- Born: 13 April 1964 (age 62) Prague, Czechoslovakia
- Height: 6 ft 1 in (185 cm)
- Weight: 201 lb (91 kg; 14 st 5 lb)
- Position: Left wing
- Shot: Left
- Played for: HC Sparta Praha TPS EHC Freiburg Eisbären Berlin ESG Sachsen Weißwasser HC Litvínov HK Poprad MHK 32 Liptovský Mikuláš
- National team: Czechoslovakia and Czech Republic
- NHL draft: 185th overall, 1990 Edmonton Oilers
- Playing career: 1985–2010
- Medal record
Men's ice hockey
Representing Czechoslovakia
Olympic Games
| Bronze medal – third place | 1992 Albertville | Team competition |

= Richard Žemlička =

Czech ice hockey player

Richard Žemlička (born 13 April 1964) is a Czech former professional ice hockey left winger.

==Playing career==
Žemlicka began his career with HC Slavia Praha and HC Sparta Praha, becoming a regular member of Sparta's roster in 1987. He was drafted 185th in the 1990 NHL entry draft by the Edmonton Oilers but never made the move to North America and remained with Sparta Praha before moving to the SM-liiga in Finland for TPS during the 1991-92 season. He then moved to Germany in 1992 to play in the Eishockey-Bundesliga and later the Deutsche Eishockey Liga for EHC Freiburg, Eisbären Berlin and ESG Sachsen Weißwasser before returning to Sparta Praha in 1995.

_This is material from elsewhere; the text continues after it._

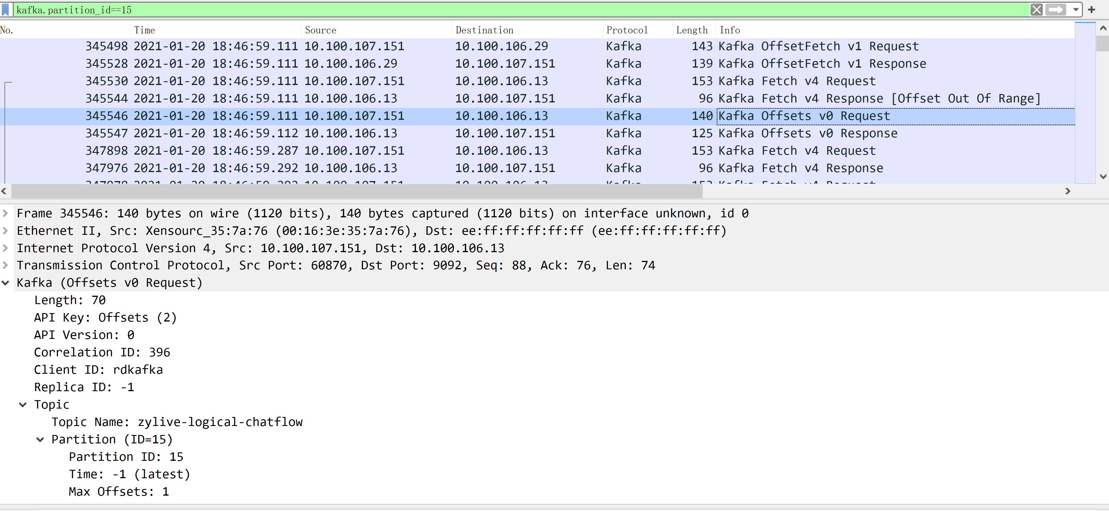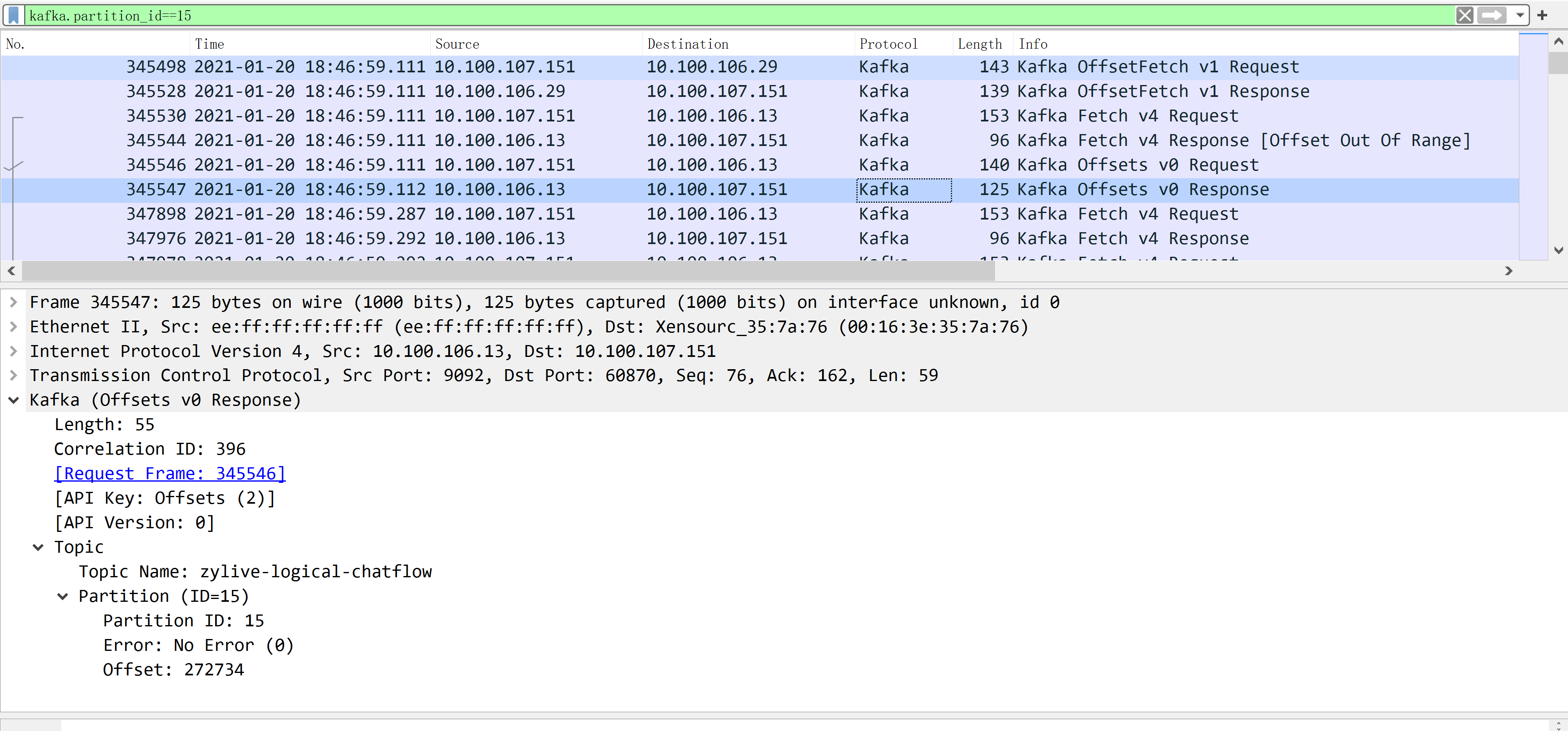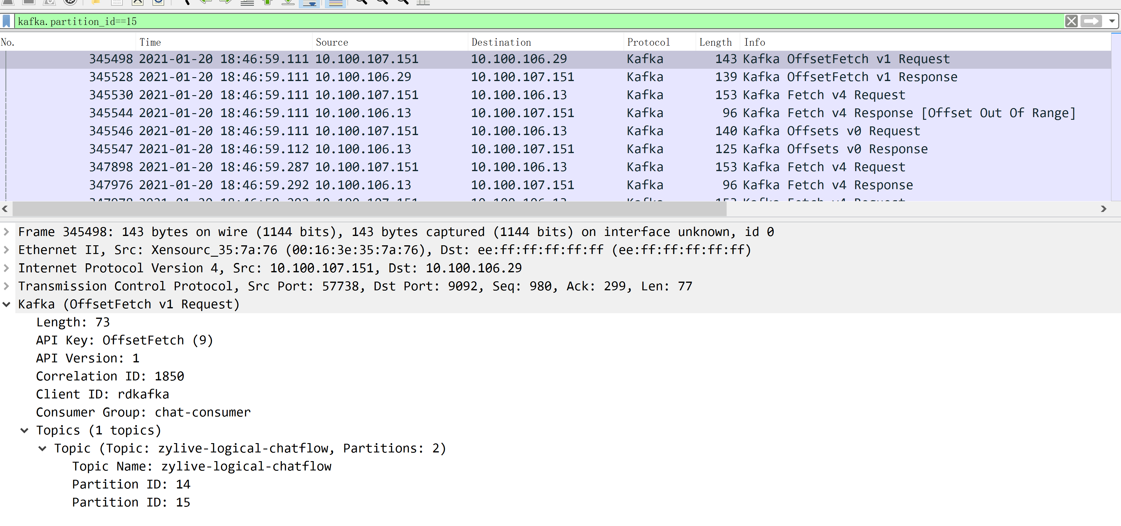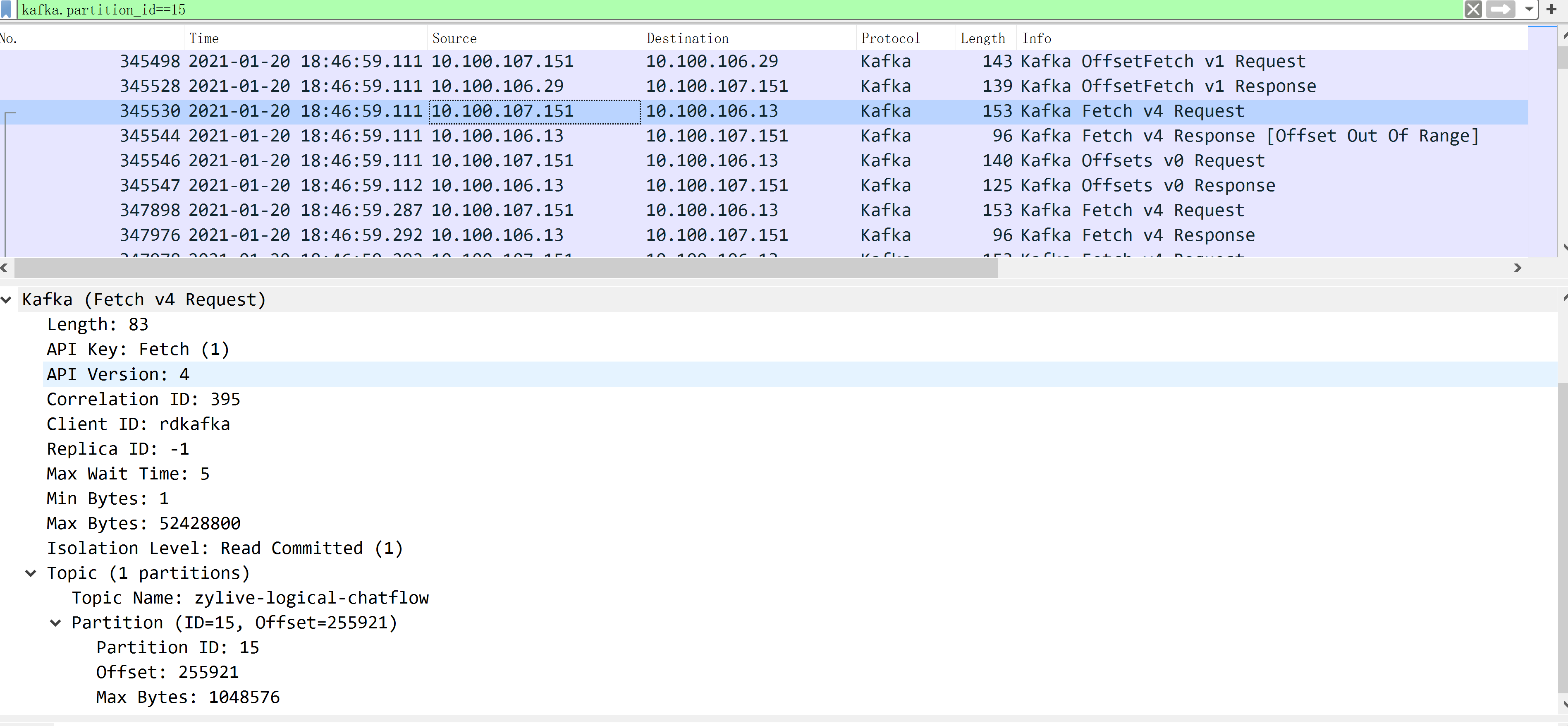 但是这个包太大了,载入 wireshark 后机器内存不足会打开失败,需要对原始文件进行拆分(命令:editcap -c <packets-per-file> <input-pcap-file> <output-prefix> ),具体参见这里。然后一次打开每个拆分后的文件,筛选的时候输入 kafka.partition_id==15 , 15 就是出问题的那个 partition 。拆分后的文件每个文件都按照这个筛选条件搜索,找到第一个出现问题的分片文件,如果这个命令的关键 TCP 包被截断,可以再和上一个分片做合并(命令格式: mergecap -w output.pcap input.pcap input2.pcap [input3.pcap . . .])。

Žemlicka stayed with Sparta for the next eight seasons, becoming the team's captain in 2001. In 2003, he joined HC Litvínov and in 2004, he moved to the Slovak Extraliga for spells with HK Poprad and MHK 32 Liptovský Mikuláš. From 2006 until his retirement in 2010, Žemlicka played for HC Roudnice nad Labem.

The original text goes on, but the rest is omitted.